6. The anticholinergic drugs,
atropine and scopolamine, freely pass the placenta.
Glycopyrrolate is
highly ionized and therefore crosses the placenta to
a minimal degree.
7. The commonly used
anticoagulants, heparin and warfarin, have
remarkably different placental transfer. Heparin, a
highly ionized polysaccharide molecule, does not
reach the fetus. Warfarin, which is uncharged and
has a molecular weight of only 330, readily passes
across the placenta. Because warfarin can cause
birth defects, its use is contraindicated during the
period of organogenesis.
8. Antihypertensive drugs.
The beta-blocking drugs that have been studied all
cross the placenta. Labetalol appears to have the
least placental transfer of this group of drugs.
High-dose infusions of esmolol have been reported to
cause persistent fetal bradycardia lasting up to 30
minutes after the termination of the infusion. The
effect of a single dose is not known, but numerous
cases of its safe use as a bolus during anesthetic
induction have been reported. Sodium nitroprusside
(SNP) freely passes the placenta and has
implications for fetal toxicity.
Anesthesia during pregnancy
and the risk of birth defects
Principles of teratology.
It is an established principle that any substance,
if administered in large enough quantities for a
prolonged period of time during critical periods of
gestation, can produce fetal injury ranging from
growth restriction to major structural anomalies to
death. Therefore, it should be a goal of the
anesthesiologists caring for pregnant women to
minimize the exposure of their fetuses to
potentially toxic substances. Nevertheless, fears
regarding the potential for injury should be
tempered by the following considerations:
1. Most anesthetics are administered for such a
brief period of time that the potential for toxicity
is minimal.
2. There is no convincing human evidence that any of
the commonly used anesthetics is dangerous to the
fetus.
3. Maternal hypotension and hypoxemia pose a much
greater risk to the fetus than do any of the
anesthetic drugs.
4. Maternal well-being must be our paramount
concern. If avoiding a potentially teratogenic drug
leads to a poor maternal outcome or maternal death,
fetal outcome will be equally compromised.
Evaluation of teratogenic
potential. Because of the ethical and
logistical difficulties inherent in large-scale
prospective studies of the teratogenic effects of
anesthetics in humans, we must rely on more indirect
evidence to evaluate the teratogenic potential of
these drugs. The principal investigative tools used
are small animal studies, retrospective studies of
the offspring of women who underwent anesthesia
during pregnancy, and, in the case of inhalation
anesthetics, studies of operating room personnel who
were exposed to low-level waste anesthetic gases
during pregnancy. The discussion of specific drugs
that follows refers to the studies supporting or
opposing their teratogenic potential.
Specific drugs
1. Animal studies of the potent
inhalation anesthetics
have demonstrated conflicting results. Reproductive
effects appear to be dose related. These effects are
more likely to be from the physiologic disturbances
(hypothermia, hypoventilation, poor feeding)

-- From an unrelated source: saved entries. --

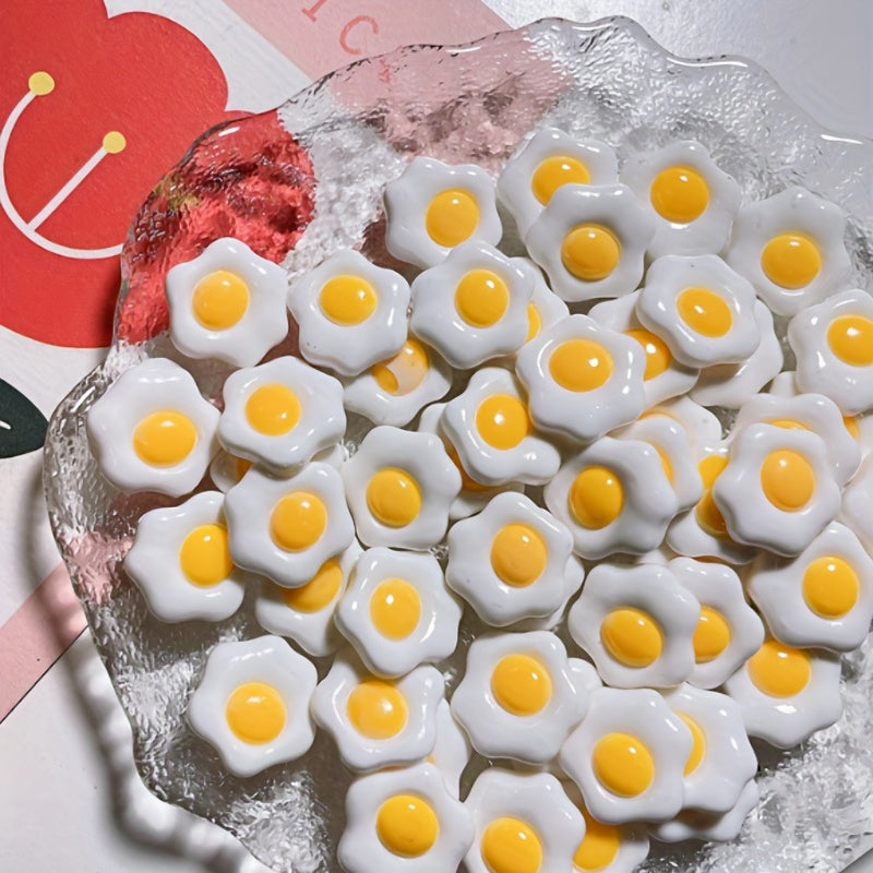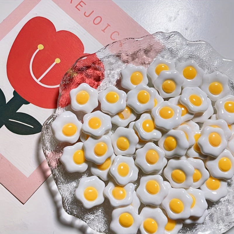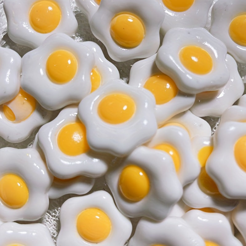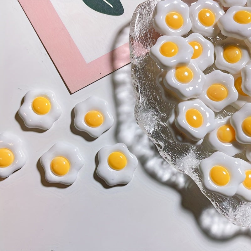 Add a cute touch to your hair accessories, phone case, or other crafts with these poached egg resin charms. Each set includes 10 pieces for endless creative possibilities.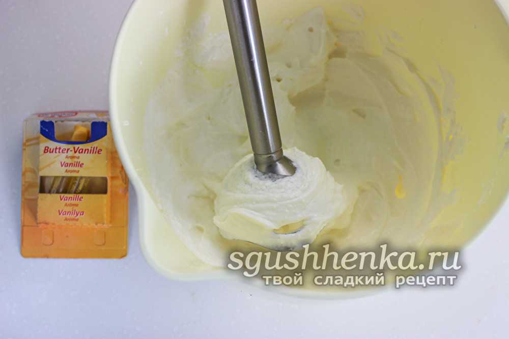 - Для крема следует взбить жирные сливки с добавлением пудры, вмешать в массу небольшими порциями сыр.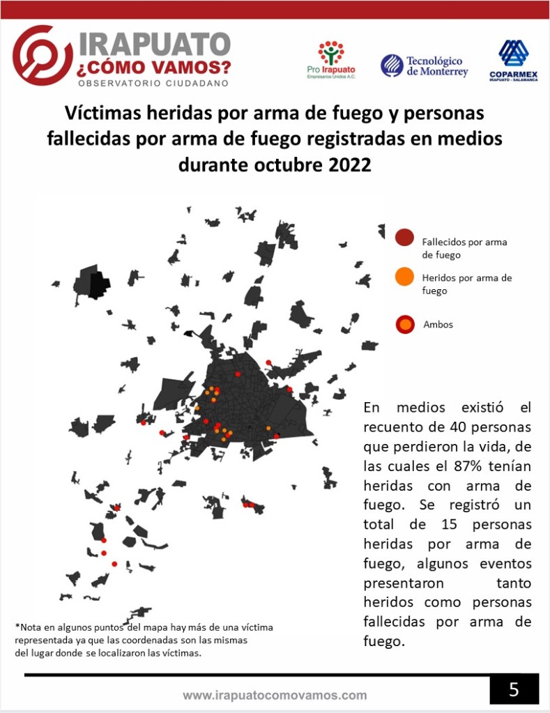 Irapuato, Guanajuato. Durante el mes de octubre se tuvo registro en Irapuato de que 42 personas perdieron la vida clasificada en homicidio, 40 clasificadas en doloso y 2 clasificadas en culposo.

produced by the anesthetic state rather than the
anesthetic drug itself. When animals are exposed to
inspired concentrations that do not impair feeding
behavior or level of consciousness, reproductive
effects are minimal. Neither studies of operating
room personnel exposed to trace anesthetics nor of
women undergoing surgery during pregnancy support
any teratogenic potential for the potent inhaled
anesthetics. Fetal loss is increased in women
operated upon during pregnancy, but this is
primarily because of the underlying condition
requiring surgical intervention and the increased
incidence of preterm delivery in women undergoing
surgery in close proximity to the uterus.
2. Nitrous oxide has
clearly been shown to increase the incidence of
structural abnormalities and fetal loss in rats.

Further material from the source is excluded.